Edit: Actually, Wikipedia even says In its most common usage, the amount being scaled is 10 and the scale is the (base 10) exponent being applied to this amount (therefore, to be an order of magnitude greater is to be 10 times as large).
10. The full answer will come from benchmarks. The short answer is that it depends on the workload. But we are very confident it's going to be 10x over mysql on a ram disk for some standard workload (TPC-C).
This is really important, as MySQL has a weird dialect of SQL with all kinds of broken MySQL-isms (including fundamental things like not using the SQL-standard meaning for the various forms of quoting) as well as drastically limited support for supposedly-advanced things like sub-selects and truly-advanced things like windowing and partition functions...
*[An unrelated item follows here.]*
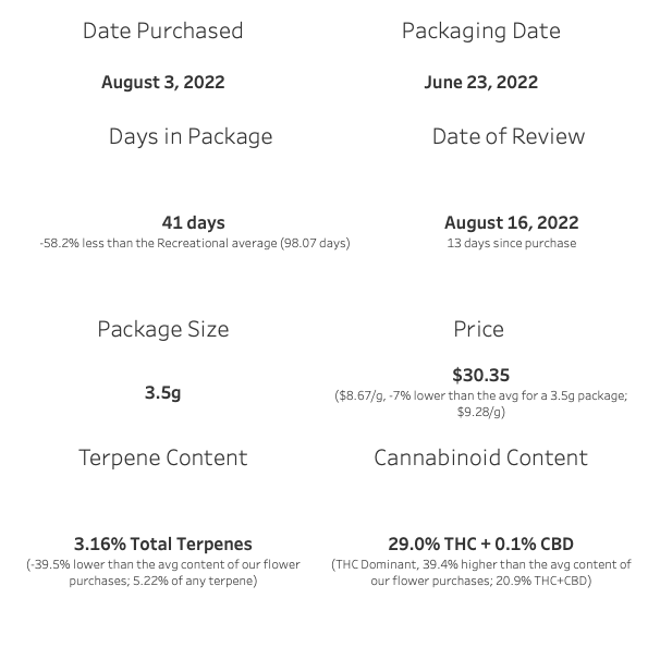 Price is about $8 per gram, or $31 for the eighth. I’d call the price point about average.

Seriously: I don't think I have any apps that would actually /run/ on something that spoke MySQL without recoding all of the data access parts (and that's pretty much what a web backend is) from scratch, swearing and cursing the entire time about why I don't get to use X or Y or Z feature.
To me, this is just "yet another of those MySQL optimizer companies" that we see come and go year in and year out, and one that is almost certainly going to experience the same fate as all of the other ones: they are a dime a dozen, and almost always fail. The failure rate on PostgreSQL optimizer companies, however, seems much lower, despite the fact that they don't seem to get the fancy funding (probably because, if you don't take into account the underlying demographic of "performance-savy" from "database user" it looks like a smaller market).